Exercise details ::
Begin at the line where "17 Pro を落下や傷から守ります。" appears and reproduce exactly every line through the end of the data below, both included, skipping pictures.

Recorded information ::
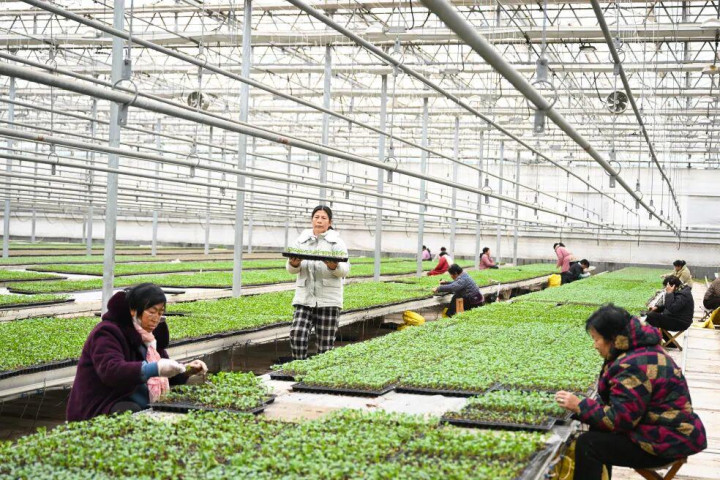 河北廊坊固安县牛驼镇,顺斋瓜菜种植专业合作社连片的蔬菜大棚里绿意盎然。蒿子秆培育大棚内,数名员工正小心翼翼采摘嫩苗。
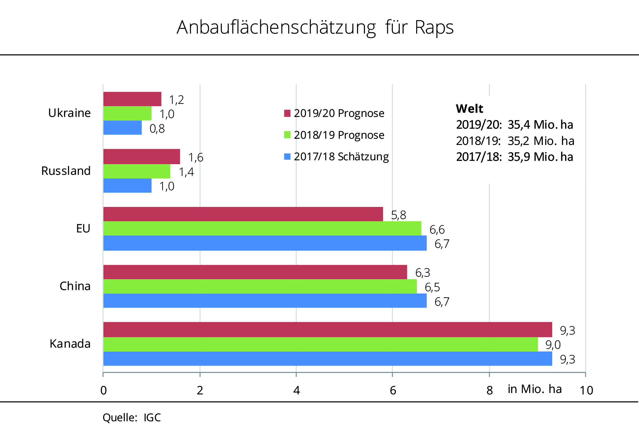 Daher geht der Internationale Getreiderat (IGC) nur von einer minimalen Ausweitung der globalen Rapsfläche um weniger als 1 % aus.
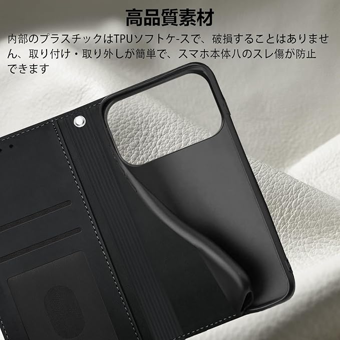 【高級PUレザー】 柔らかく丈夫な高品質のPUレザーを使用しており、表面の感触は素晴らしく、落ち着いた色とシンプルなデザインが優雅さと高級感を際立たせています。高品質のPUレザーと柔軟なTPU保護カバーを組み合わせることで、頑丈な二重保護を実現し、お使いの携帯電話を 360 度保護し、iPhone 17 Pro を落下や傷から守ります。
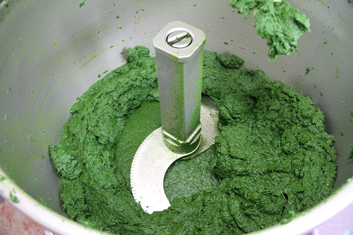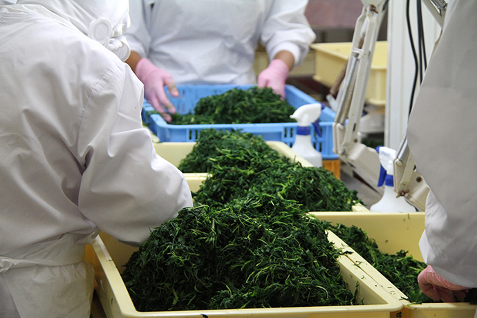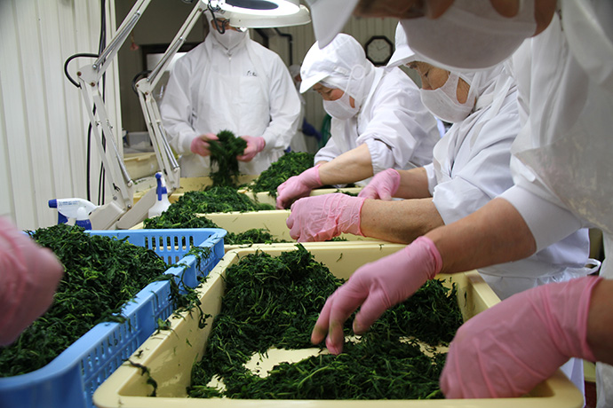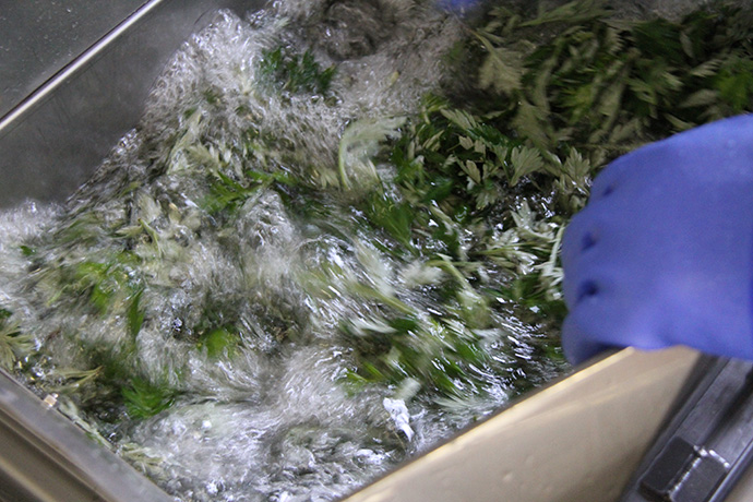 茹であがったよもぎは、もう一度、選別し不純物を取り除きます。

Answer ::
 【高級PUレザー】 柔らかく丈夫な高品質のPUレザーを使用しており、表面の感触は素晴らしく、落ち着いた色とシンプルなデザインが優雅さと高級感を際立たせています。高品質のPUレザーと柔軟なTPU保護カバーを組み合わせることで、頑丈な二重保護を実現し、お使いの携帯電話を 360 度保護し、iPhone 17 Pro を落下や傷から守ります。
 茹であがったよもぎは、もう一度、選別し不純物を取り除きます。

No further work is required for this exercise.